§ Activity
Under this line are the records; write out word for word the part that begins at the line containing "Décrivons cette technique" and ends at the line containing "مجموعة من حاويتي", and no more.

§ Source material
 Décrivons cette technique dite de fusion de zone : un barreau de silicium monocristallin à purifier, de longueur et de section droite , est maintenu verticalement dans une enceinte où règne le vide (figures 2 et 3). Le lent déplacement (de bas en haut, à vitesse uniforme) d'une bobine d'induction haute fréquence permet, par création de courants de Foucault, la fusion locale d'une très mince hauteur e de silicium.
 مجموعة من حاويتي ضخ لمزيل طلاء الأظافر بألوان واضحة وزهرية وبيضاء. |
--
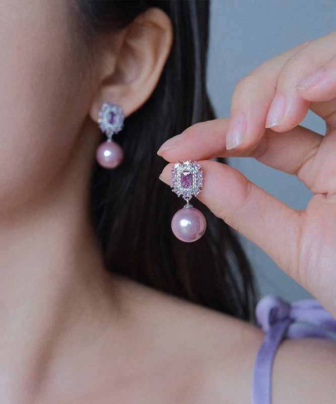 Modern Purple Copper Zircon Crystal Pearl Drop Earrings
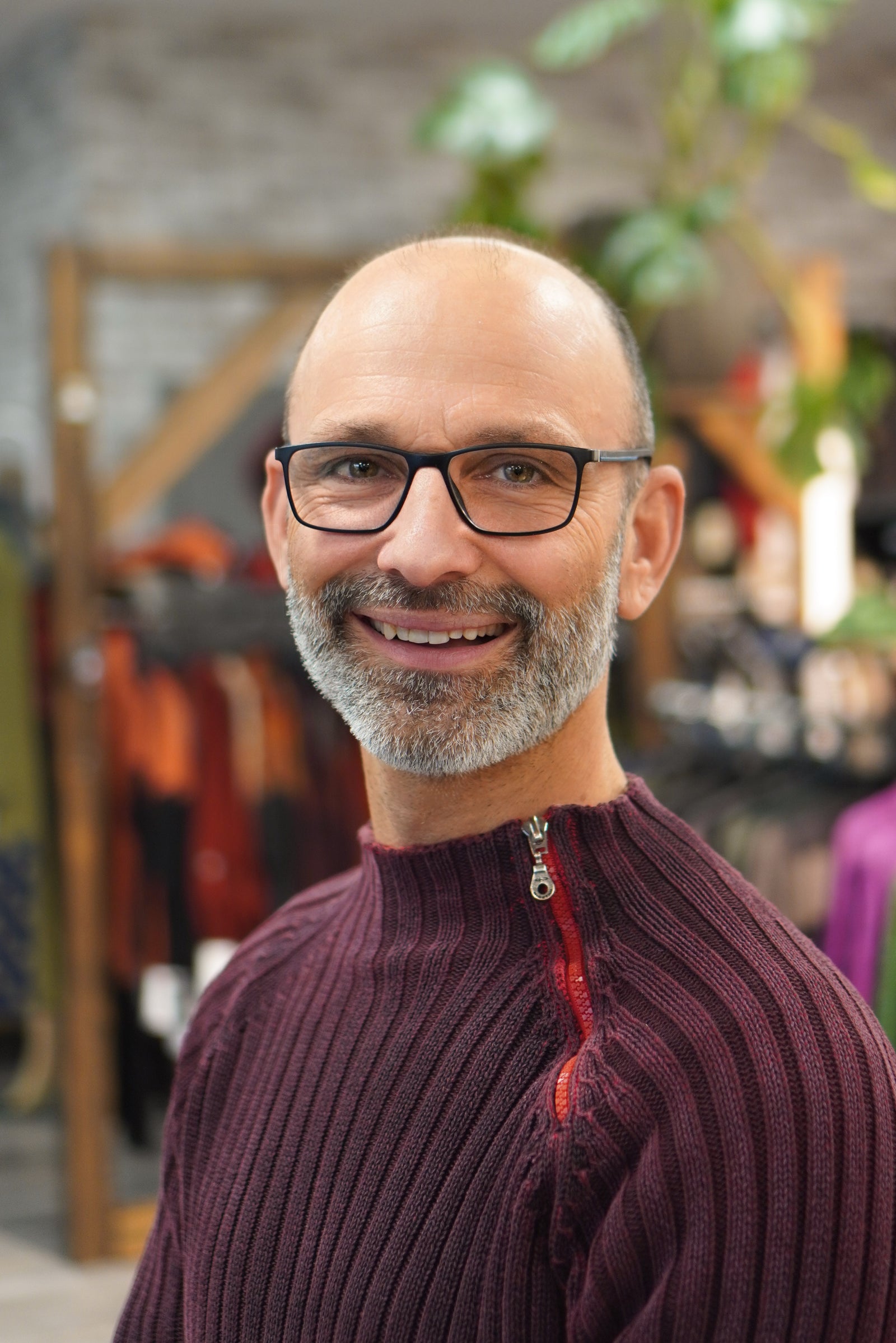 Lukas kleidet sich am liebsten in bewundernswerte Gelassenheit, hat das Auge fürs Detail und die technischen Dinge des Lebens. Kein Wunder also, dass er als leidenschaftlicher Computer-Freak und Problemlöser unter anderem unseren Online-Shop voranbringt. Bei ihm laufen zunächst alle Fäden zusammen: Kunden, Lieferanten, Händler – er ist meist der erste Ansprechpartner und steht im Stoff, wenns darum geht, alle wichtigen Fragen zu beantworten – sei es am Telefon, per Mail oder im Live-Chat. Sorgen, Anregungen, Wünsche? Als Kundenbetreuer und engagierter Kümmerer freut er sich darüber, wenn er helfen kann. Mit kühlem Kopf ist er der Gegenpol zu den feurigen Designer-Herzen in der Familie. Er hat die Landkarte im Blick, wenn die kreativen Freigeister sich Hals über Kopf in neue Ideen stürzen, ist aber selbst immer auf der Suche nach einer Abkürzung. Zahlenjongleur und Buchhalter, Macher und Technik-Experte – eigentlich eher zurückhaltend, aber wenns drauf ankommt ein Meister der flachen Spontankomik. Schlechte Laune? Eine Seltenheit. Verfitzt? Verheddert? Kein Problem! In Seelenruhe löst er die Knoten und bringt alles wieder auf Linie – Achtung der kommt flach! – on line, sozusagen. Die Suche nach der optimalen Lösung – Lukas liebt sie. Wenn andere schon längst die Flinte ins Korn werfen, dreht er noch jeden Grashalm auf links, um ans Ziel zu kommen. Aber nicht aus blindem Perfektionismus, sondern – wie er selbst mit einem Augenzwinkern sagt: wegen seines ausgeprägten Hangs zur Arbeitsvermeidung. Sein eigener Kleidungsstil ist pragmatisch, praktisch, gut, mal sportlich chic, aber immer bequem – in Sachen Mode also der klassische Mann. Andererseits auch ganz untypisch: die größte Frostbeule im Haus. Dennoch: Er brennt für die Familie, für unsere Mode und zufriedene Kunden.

§ Written answer
 Décrivons cette technique dite de fusion de zone : un barreau de silicium monocristallin à purifier, de longueur et de section droite , est maintenu verticalement dans une enceinte où règne le vide (figures 2 et 3). Le lent déplacement (de bas en haut, à vitesse uniforme) d'une bobine d'induction haute fréquence permet, par création de courants de Foucault, la fusion locale d'une très mince hauteur e de silicium.
 مجموعة من حاويتي ضخ لمزيل طلاء الأظافر بألوان واضحة وزهرية وبيضاء. |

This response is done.